**Exercise**
Retype the lines below exactly, but only those from the line that has "The Fedora LED" through the line that has "This LED Illuminated". Omit every picture.

****************************************

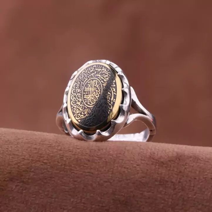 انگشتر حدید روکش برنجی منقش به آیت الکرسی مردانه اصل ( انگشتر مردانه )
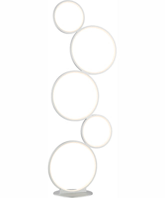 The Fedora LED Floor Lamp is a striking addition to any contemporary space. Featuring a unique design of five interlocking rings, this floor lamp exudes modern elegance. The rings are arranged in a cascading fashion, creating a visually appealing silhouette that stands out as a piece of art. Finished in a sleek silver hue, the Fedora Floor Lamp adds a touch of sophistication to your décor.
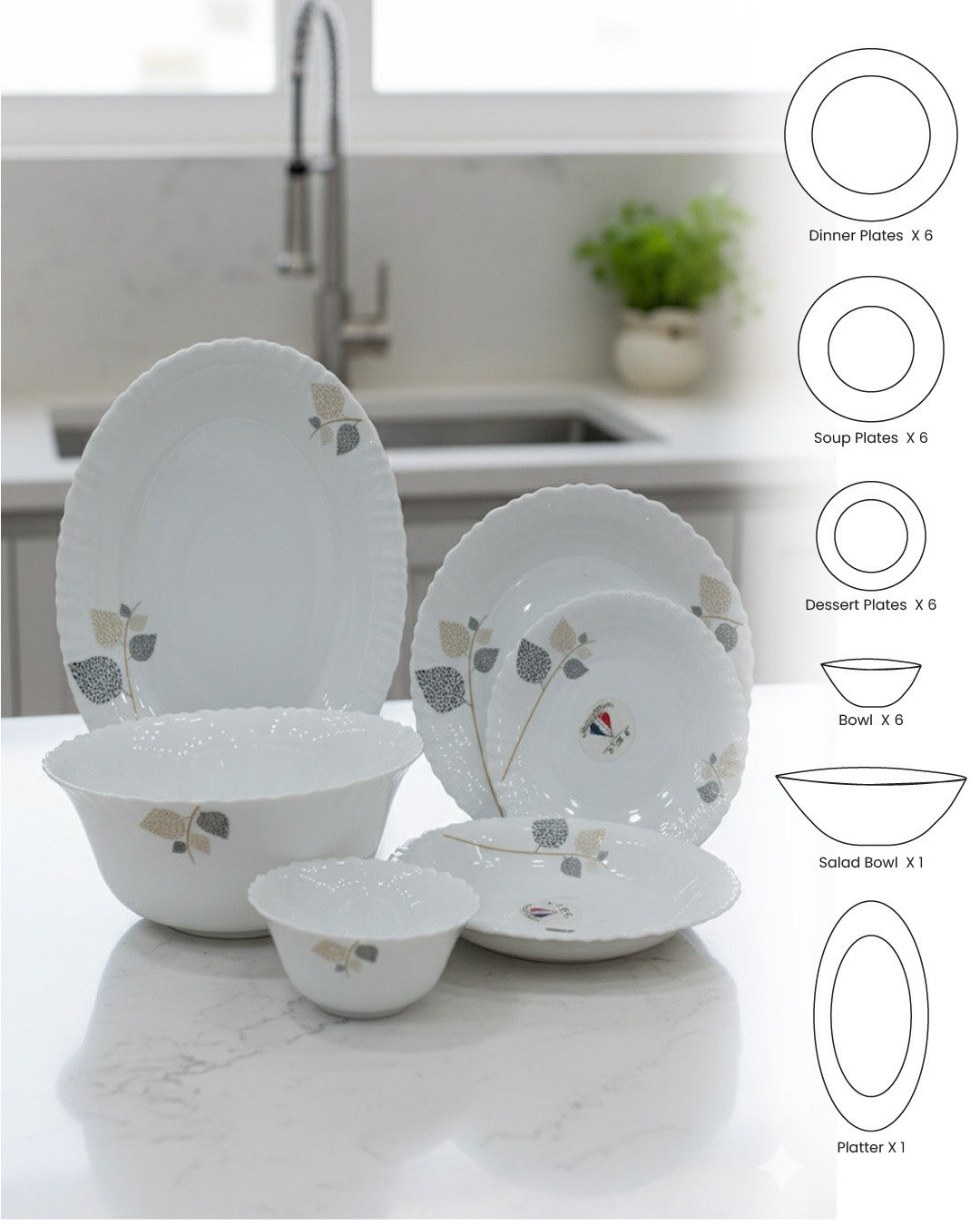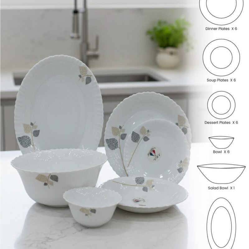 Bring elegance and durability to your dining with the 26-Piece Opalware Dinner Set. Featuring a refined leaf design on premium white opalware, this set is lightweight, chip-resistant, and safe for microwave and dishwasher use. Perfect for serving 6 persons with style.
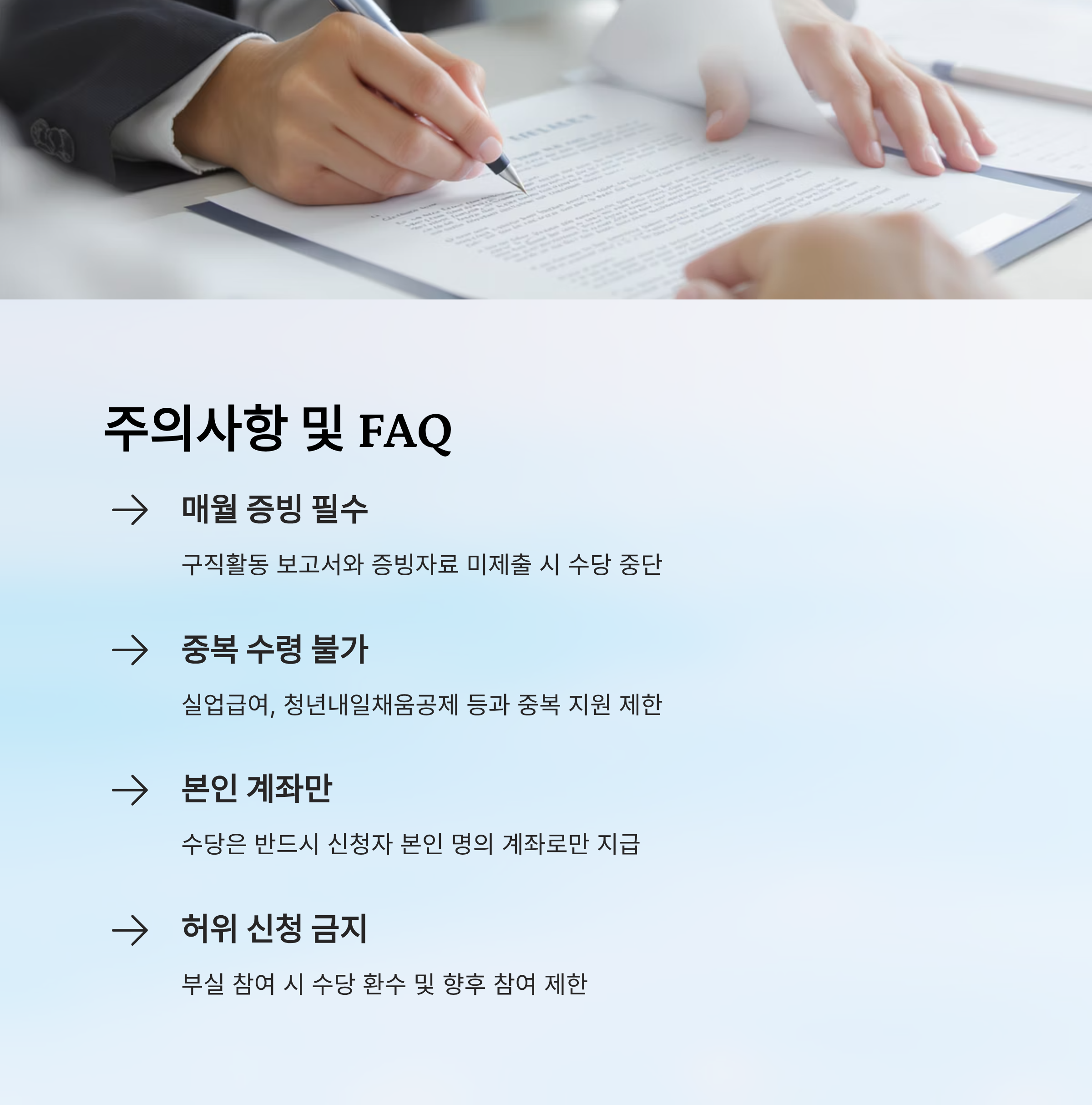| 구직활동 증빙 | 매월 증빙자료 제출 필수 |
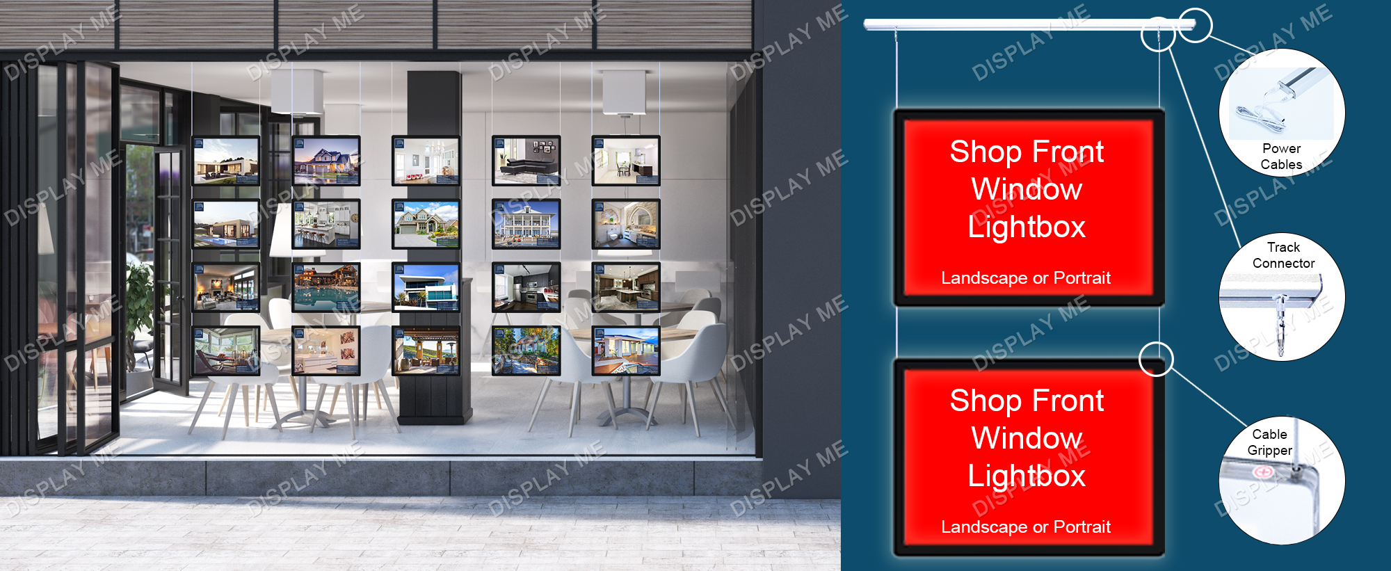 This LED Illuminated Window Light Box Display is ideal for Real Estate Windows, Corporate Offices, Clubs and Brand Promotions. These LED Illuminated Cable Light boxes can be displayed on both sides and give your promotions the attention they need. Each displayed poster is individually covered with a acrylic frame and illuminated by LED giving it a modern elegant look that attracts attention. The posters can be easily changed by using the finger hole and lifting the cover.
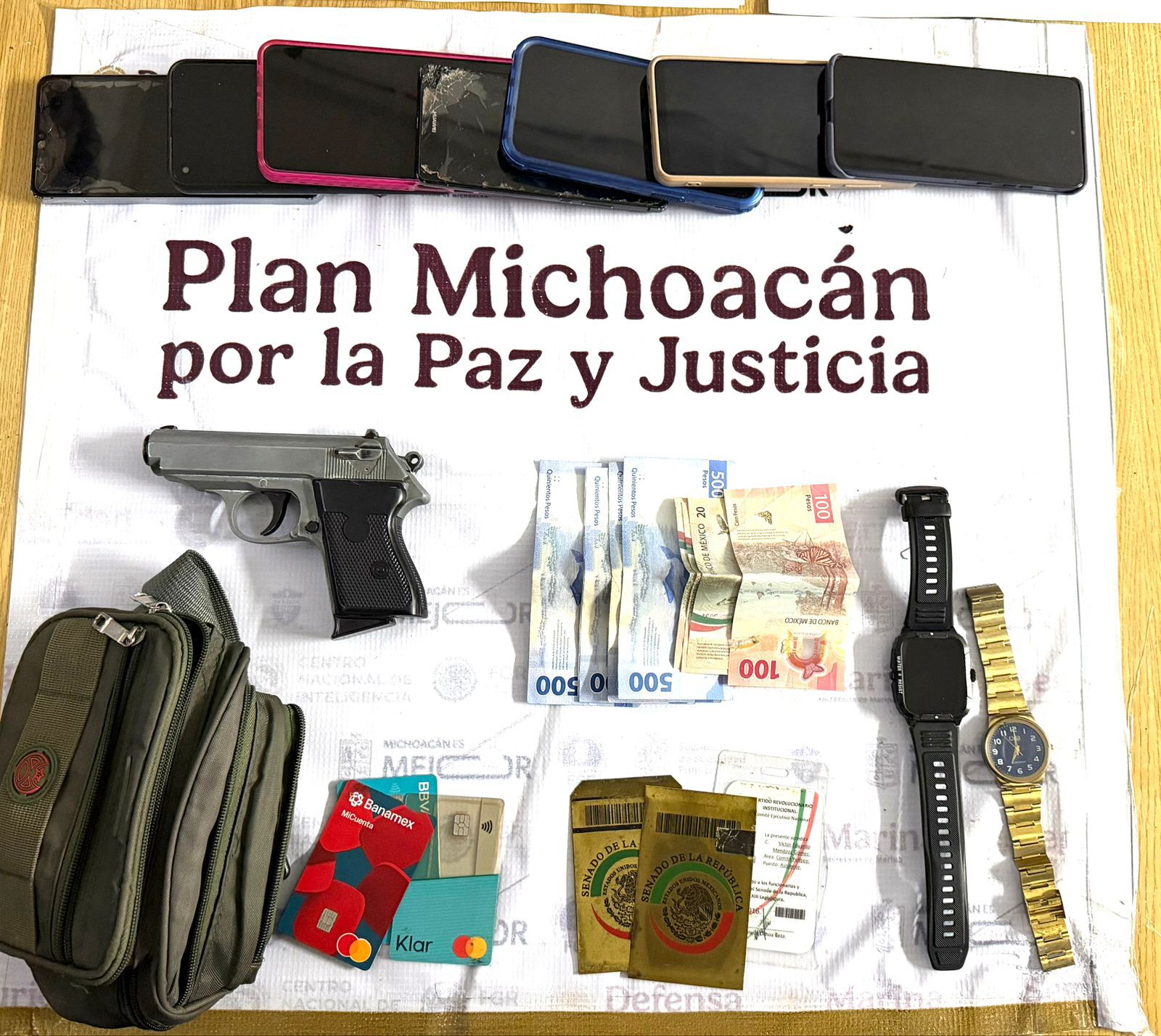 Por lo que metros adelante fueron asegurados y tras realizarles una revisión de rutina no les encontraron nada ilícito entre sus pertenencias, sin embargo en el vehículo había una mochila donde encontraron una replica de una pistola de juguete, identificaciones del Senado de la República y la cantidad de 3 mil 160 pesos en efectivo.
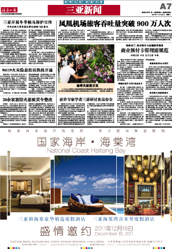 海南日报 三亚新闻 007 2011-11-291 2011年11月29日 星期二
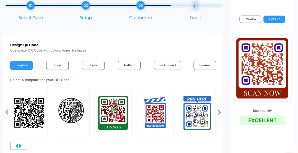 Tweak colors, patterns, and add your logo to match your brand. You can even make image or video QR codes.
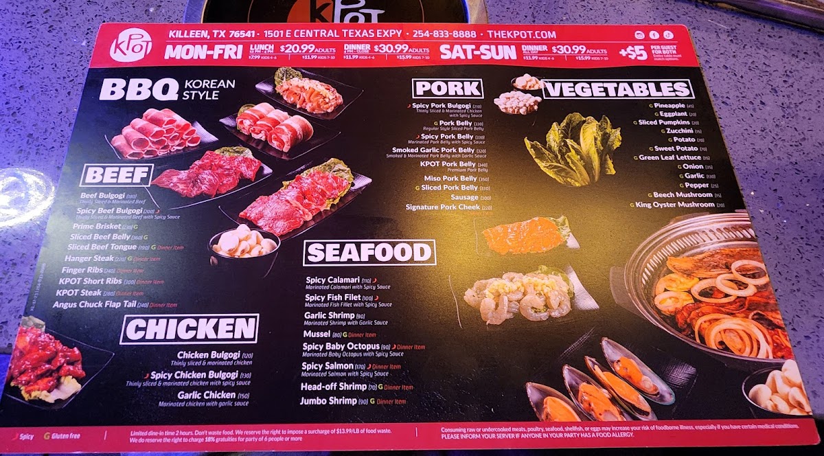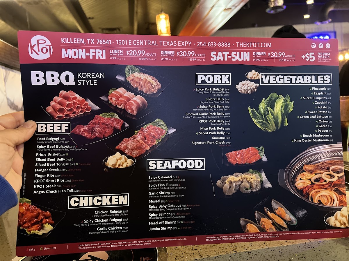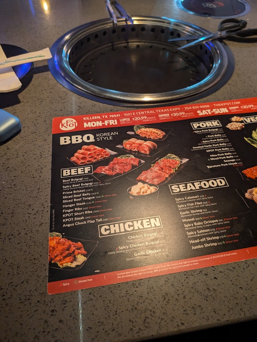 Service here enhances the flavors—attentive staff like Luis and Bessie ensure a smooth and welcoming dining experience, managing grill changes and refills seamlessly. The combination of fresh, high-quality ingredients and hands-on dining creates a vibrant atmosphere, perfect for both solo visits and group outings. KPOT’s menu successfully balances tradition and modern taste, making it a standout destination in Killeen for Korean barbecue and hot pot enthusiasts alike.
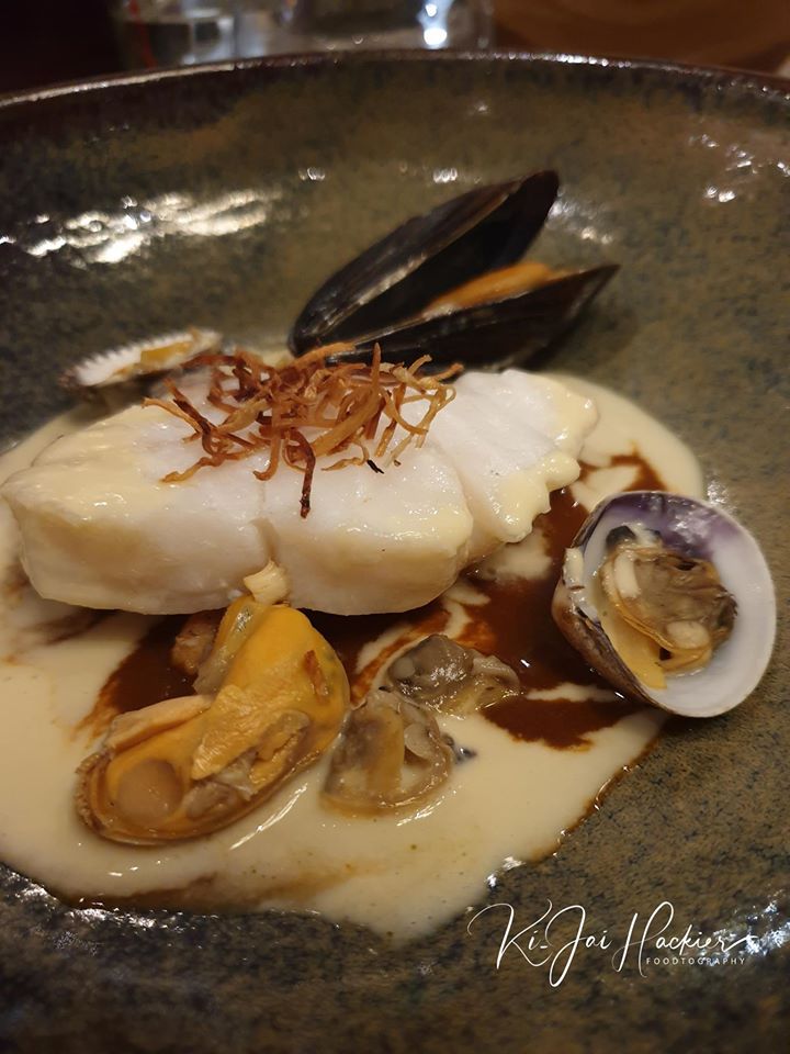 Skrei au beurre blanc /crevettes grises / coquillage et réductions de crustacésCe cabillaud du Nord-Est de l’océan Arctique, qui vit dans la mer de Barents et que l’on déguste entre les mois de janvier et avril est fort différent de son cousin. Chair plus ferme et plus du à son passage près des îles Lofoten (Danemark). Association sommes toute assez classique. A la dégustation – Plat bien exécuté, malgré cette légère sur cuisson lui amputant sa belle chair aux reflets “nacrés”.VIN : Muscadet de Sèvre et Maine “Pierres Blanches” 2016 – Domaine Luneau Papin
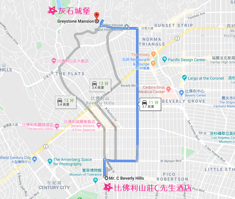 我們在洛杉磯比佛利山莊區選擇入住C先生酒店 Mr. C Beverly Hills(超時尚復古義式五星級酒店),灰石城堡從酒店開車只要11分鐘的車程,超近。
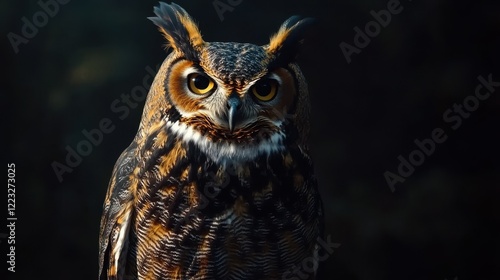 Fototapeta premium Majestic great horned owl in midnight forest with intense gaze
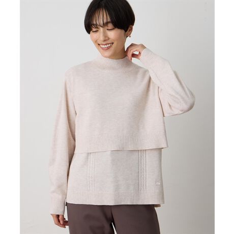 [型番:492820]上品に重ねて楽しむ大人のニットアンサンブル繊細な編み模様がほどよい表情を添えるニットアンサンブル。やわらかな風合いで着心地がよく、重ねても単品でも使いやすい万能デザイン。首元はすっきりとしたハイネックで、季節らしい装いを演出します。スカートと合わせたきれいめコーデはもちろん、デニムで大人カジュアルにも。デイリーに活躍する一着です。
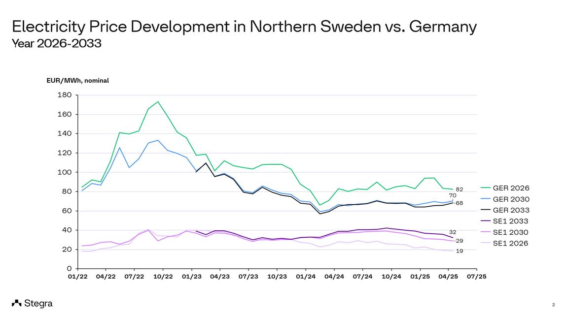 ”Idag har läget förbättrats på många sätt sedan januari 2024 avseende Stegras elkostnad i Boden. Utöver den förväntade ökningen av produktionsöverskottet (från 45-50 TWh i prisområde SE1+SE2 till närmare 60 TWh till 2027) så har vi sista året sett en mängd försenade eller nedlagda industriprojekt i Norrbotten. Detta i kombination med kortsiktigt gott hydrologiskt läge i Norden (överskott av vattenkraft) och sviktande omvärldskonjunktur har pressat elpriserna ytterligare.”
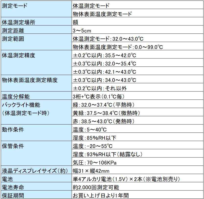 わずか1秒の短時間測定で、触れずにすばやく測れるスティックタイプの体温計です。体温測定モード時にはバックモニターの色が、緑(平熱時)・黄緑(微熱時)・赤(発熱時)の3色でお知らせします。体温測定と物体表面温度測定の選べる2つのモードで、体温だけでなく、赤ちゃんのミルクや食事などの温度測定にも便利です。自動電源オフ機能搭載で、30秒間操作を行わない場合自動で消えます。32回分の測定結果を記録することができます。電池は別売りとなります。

****************************************

**Answer below**
 The Fedora LED Floor Lamp is a striking addition to any contemporary space. Featuring a unique design of five interlocking rings, this floor lamp exudes modern elegance. The rings are arranged in a cascading fashion, creating a visually appealing silhouette that stands out as a piece of art. Finished in a sleek silver hue, the Fedora Floor Lamp adds a touch of sophistication to your décor.
 Bring elegance and durability to your dining with the 26-Piece Opalware Dinner Set. Featuring a refined leaf design on premium white opalware, this set is lightweight, chip-resistant, and safe for microwave and dishwasher use. Perfect for serving 6 persons with style.
| 구직활동 증빙 | 매월 증빙자료 제출 필수 |
 This LED Illuminated Window Light Box Display is ideal for Real Estate Windows, Corporate Offices, Clubs and Brand Promotions. These LED Illuminated Cable Light boxes can be displayed on both sides and give your promotions the attention they need. Each displayed poster is individually covered with a acrylic frame and illuminated by LED giving it a modern elegant look that attracts attention. The posters can be easily changed by using the finger hole and lifting the cover.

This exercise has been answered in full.